My colleague Professor Robert Gibbs (philosophy; dir. Jackman Humanities Institute) and I recently were awarded a grant to begin a 3 year project exploring reasoning in Islamic and Jewish law, and the implications of our findings for a philosophy of law more generally. I'd like to share our general proposal and methodological approach, and invite comments.

Our questions revolve around the general concern of the roles of reason and authority in interpreting and determining law in religious traditions. While the question of authority and reason arises in every legal culture, we propose to focus on these two traditions because of their explicit and extensive reflection on questions of reason, and in specific we will gain a sharper and in some ways more complex purchase on the questions by considering how jurists interwove resources that were intrinsically human, and so would be qualified as rational in their time, with both political and religious authority.

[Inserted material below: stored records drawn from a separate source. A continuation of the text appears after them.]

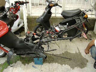 T氏「作業性を考慮して、フレームとエンジン部分を切り離します」
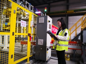 图为2014级物流管理专业学生柳茜在深圳北领科技物流武汉黄陂智慧仓库实习
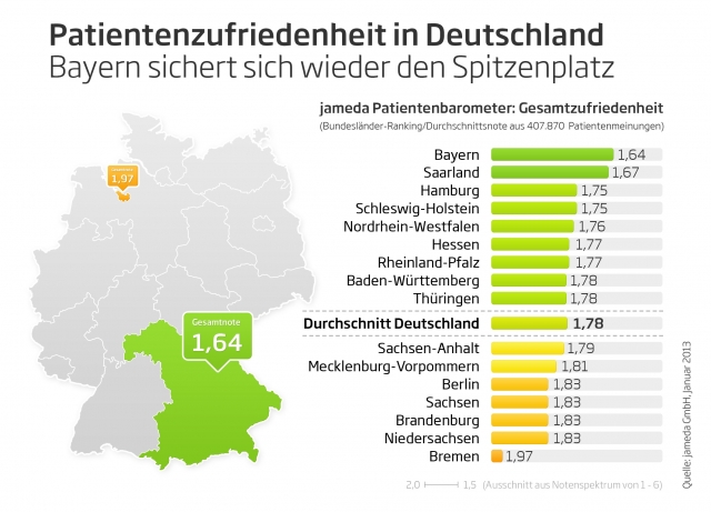 Das jameda Patientenbarometer erhebt jedes Trimester die Stimmung der Patienten in Deutschland. Wie zufrieden sind die Patienten in den einzelnen Bundesländern? Wie beurteilen sie die einzelnen Facharztgruppen? Sind die Privatpatienten wirklich zufriedener? In welcher Stadt sind die Ärzte besonders kinderfreundlich? Diesen und vielen weiteren Fragestellungen geht das Patientenbarometer nach und gibt damit ein umfassendes Bild zur Patientenzufriedenheit in Deutschland. Basis der Auswertung sind die ausführlichen Bewertungen auf Deutschlands größter Arztempfehlung jameda.
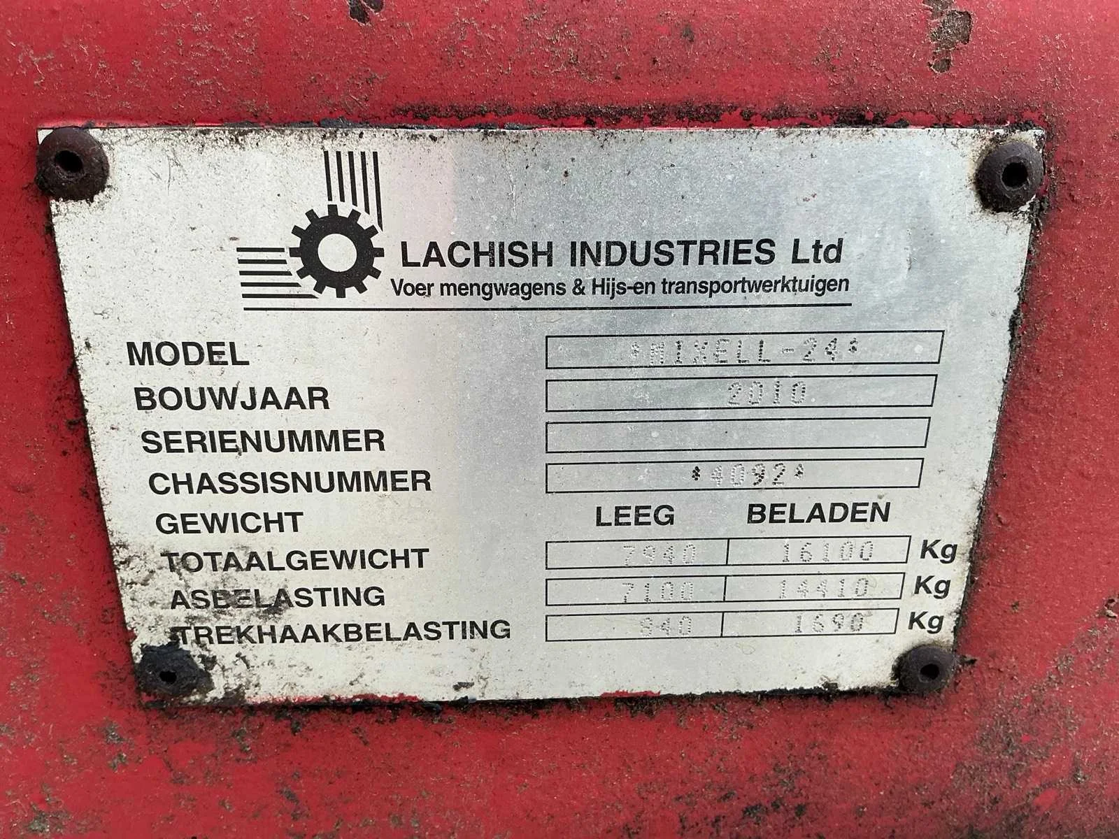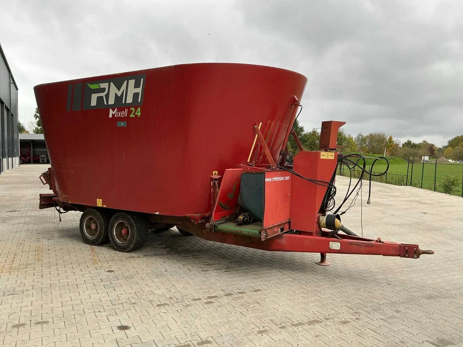 Voorzien van: brede hydraulische losdeur voorzijde, twee verticale mengvijzels, planetaire mengvertragingskasten, 2 mixersnelheden, mechanische bediening, messen op vijzel van hoogwaardig staal, 10 stuks messen, mechanische steunpoot, groothoek aftakas, achterbumper met verlichting, uitwerpband 750mm, RMH Simple feed 21 computer, 4 stuks tegen messen, hydraulisch geremd, 2 assen, benodigde vermogen 95Pk. Nee Merk: RMH Type: Mixell-24 Bouwjaar: 2010 Serienummer: 4092 Kenteken: LGN-41-H Tankinhoud: 24m³ Aantal mengwalsen: 2 Weeginrichting: true Totale afmeting L: 7350mm Totale afmeting Breedte: 2700mm Totale afmeting Hoogte: 3090mm
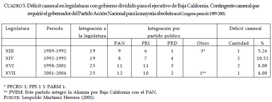 Al comparar la tipología de Alonso Lujambio nos percatamos de que el Congreso de Baja California ha presentado la situación prevista en el caso donde el Partido Acción Nacional ha logrado la mayoría relativa en tres legislaturas, a saber: XIII, XIV, XV y XVII (ver cuadro 5). En cambio, en la legislatura XV se presenta la situación de gobierno unificado, y en la XVI la fracción panista y priísta logran el mismo número de curules (11).
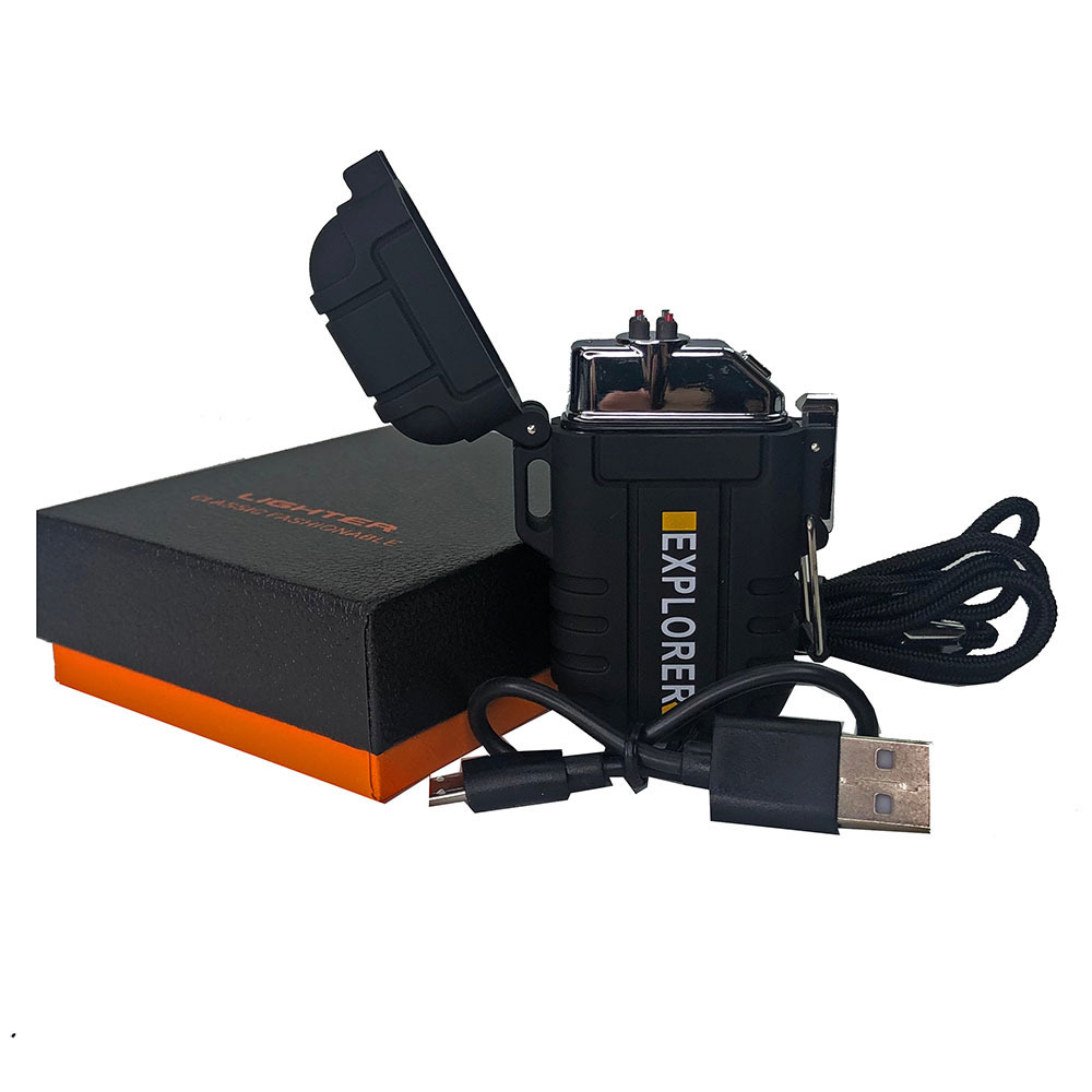 Импульсная USB зажигалка две дуги, ветрозащитная LIGHTER (черный)
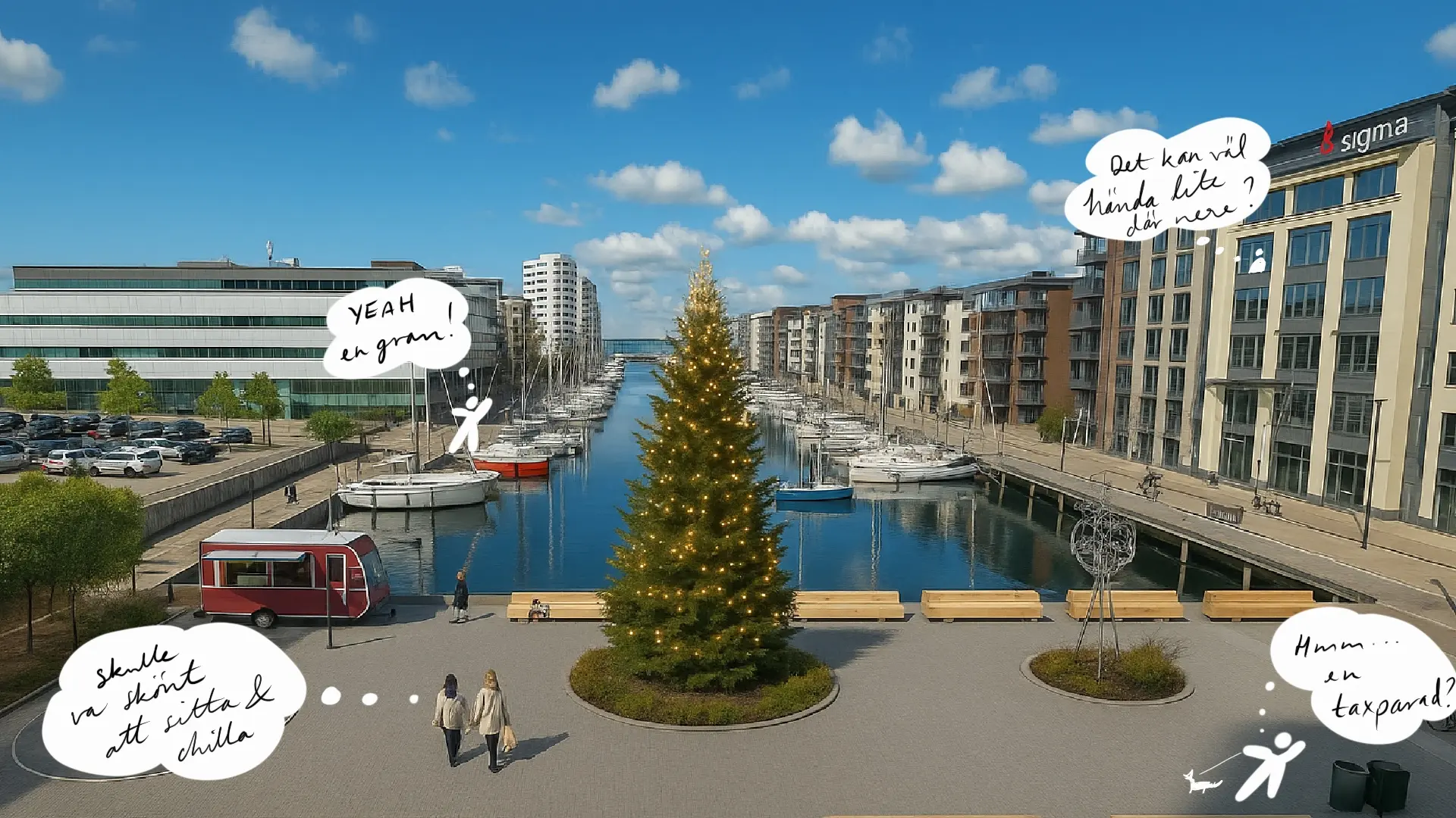 Ett par av de föreslagna aktiveringarna hoppas vi på ska lanseras under vintern. Till exempel en efterlängtad julgran som kommer att stå på Dockplatsen. –> OBS: Uppdatering 03122025. Efter ett par rundor så har vi fått avslag av markupplåtelse på FGK Malmö stad. Vi håller dialogen öppen för att det ska bli ändring 2026.
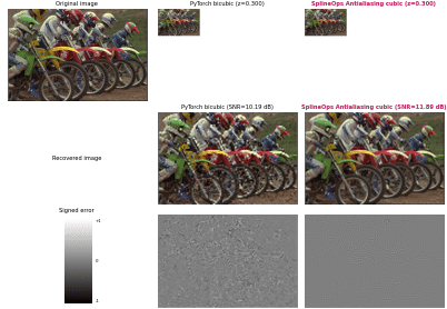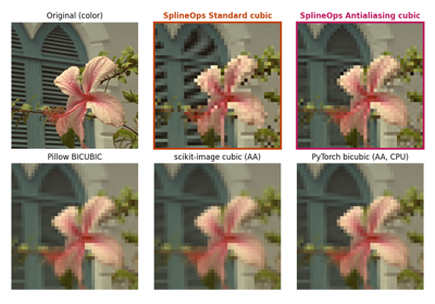 Examples showing the basic functionality of the Spline interpolation module. We also show the equivalence with Resize module methods where relevant.
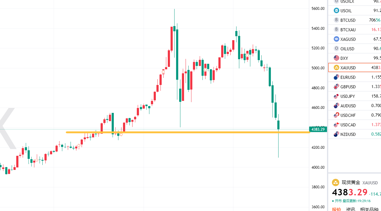 具体走势上,金价自亚市低开于4469.46美元/盎司,先行反弹录得日内高点4535.81美元,并收复缺口后,遇阻回落转跌,并持续走低,延续至亚盘尾触及日内低点4099.12美元,最终触底回升,于美盘初一度重回4500美元上方,但就此遇阻多头动力减缓,陷入震荡,最终收于4406.40美元,日振幅436.69美元,相对于上周五收盘价4503.13美元,收跌96.73美元,跌幅2.15%。
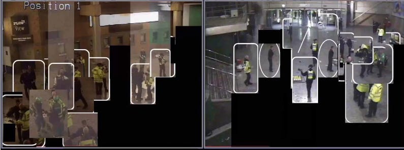 By 23:42 all of the reported injured survivors had been taken from the City Room to the Victoria Station concourse, leaving only the reportedly deceased in the City Room. Therefore, images of the exits from the City Room, captured between 22:31 and 23:42, should show some evidence that at least 38 people, supposedly struck by shrapnel from a TATP suicide bomb, were moved through the areas shown in the CCTV stills.
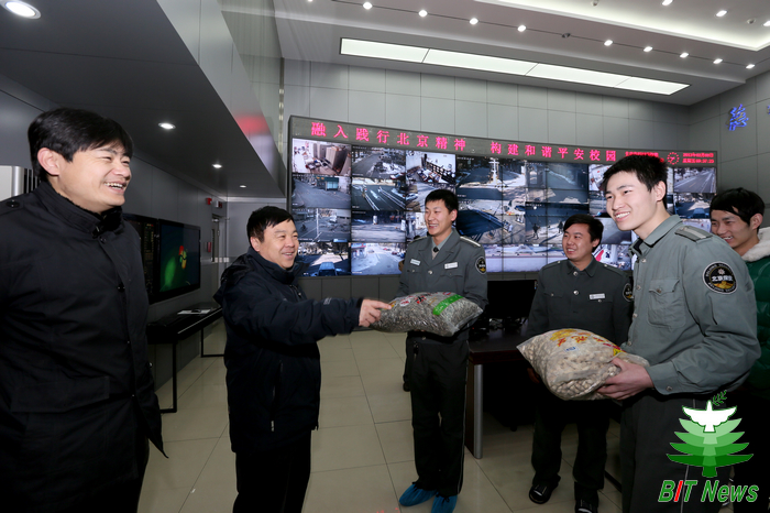 2月8日杨宾副校长在学校办、保卫处、后勤集团和宣传部相关负责人的陪同下,在中关村校区慰问了北门保安值班人员、锅炉房和变电室值班人员以及学校监控室值班人员,对节日期间坚守工作岗位的职工致以新春祝福,表示衷心感谢,希望大家春节期间提高安全生产意识,为全校师生员工做好保障工作。
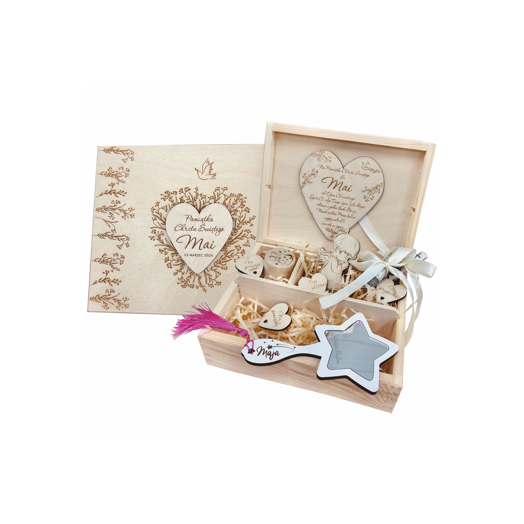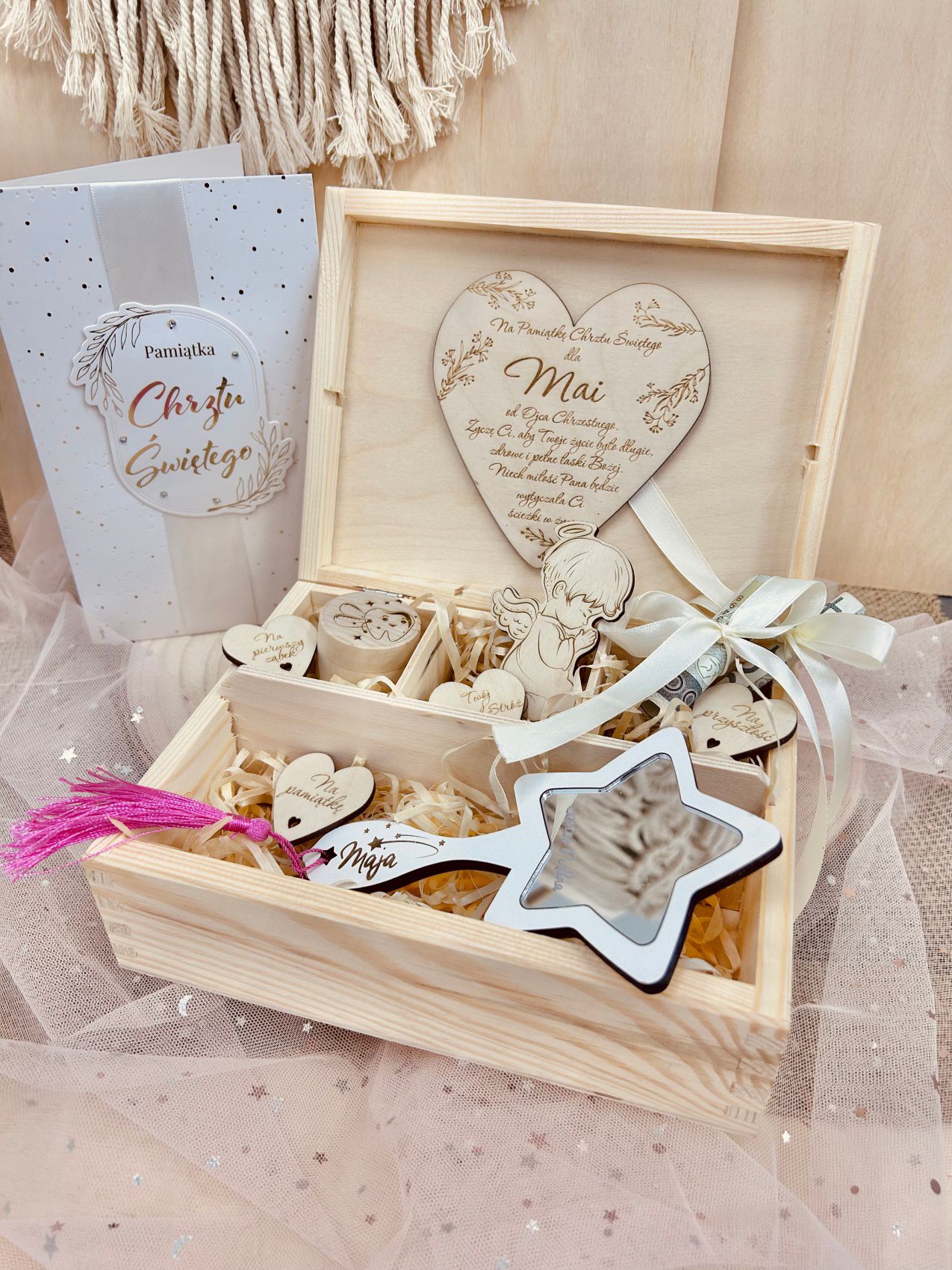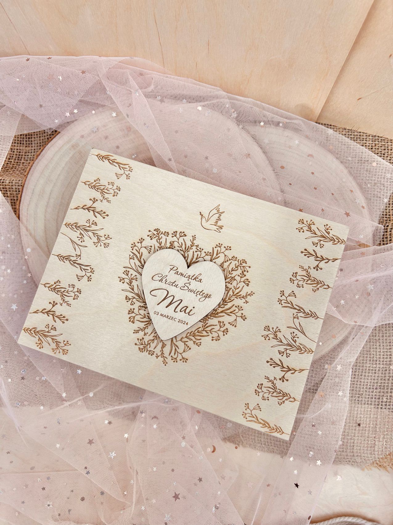 Pamiątka Chrztu Świętego w formie drewnianego pudełka to elegancka ozdoba, która zachowa wspomnienia na długie lata. Dzięki swojej personalizacji staje się wyjątkowym prezentem, który może być przekazywany z pokolenia na pokolenie. Idealna do przechowywania drobnych upominków, banknotów lub innych pamiątek związanych z tym wyjątkowym dniem. Z takim pudełkiem, Chrzest Święty stanie się jeszcze bardziej niezapomniany. Pamiątka pamiątka pamiątka pamiątka pamiątka

By looking at juristic and judicial practices, by following lines of interpretation that originate in revealed texts and flow through chains of multiple and evolving interpretations, we will be able to see bands of different relations between the authority of the revealed text and the reasoning of the community of scholars.  In interpreting legal matters, human reason is not only required, but it also plays a contributing role in rationalizing, even in developing, the authoritative tradition. Indeed, the ideal is to discern precise the role of reason as internal to the legal religious traditions.

The set of issues we will consider arise in explicit discussions of political, juridical, and religious authority within traditional legal texts.  A preliminary list of issues includes: 1) the role of judicial institutions: questions of adjudication, jurisdiction, and enforcement; 2) how the articulation of law defines boundaries of identity (both of the legal system and of the legal subject); 3) in what ways the history of law is made explicit in the legal traditions; 4) how are minorities (religious and otherwise, including their legal systems) treated in the two legal systems under study.

Close textual readings in a workshop is the method we propose for exploring the two traditions together.  In cooperation with our participants, we will select a set of texts from each tradition that will include scriptural texts, early strata of interpretation, and later codified treatments.  The goal would be to set up parallel strings of traditional texts, so that as we read through Jewish strings we could also see similar and different approaches in Islamic strings of texts.  The method would require careful playing with the texts, and the exploration of the range of innovation in each interpretation.

The goal is not to find the common ground, but to find differences in parallel and overlapping legal contexts.  The project involves reading together with scholars who are committed to the texts and to the ability of their texts to call for reasoning.  Such reading together creates new possibilities in understanding both the other tradition and one's own.

Not only will the project yield new insights in Philosophy of Law, but we believe it will also help frame a new method for comparative studies.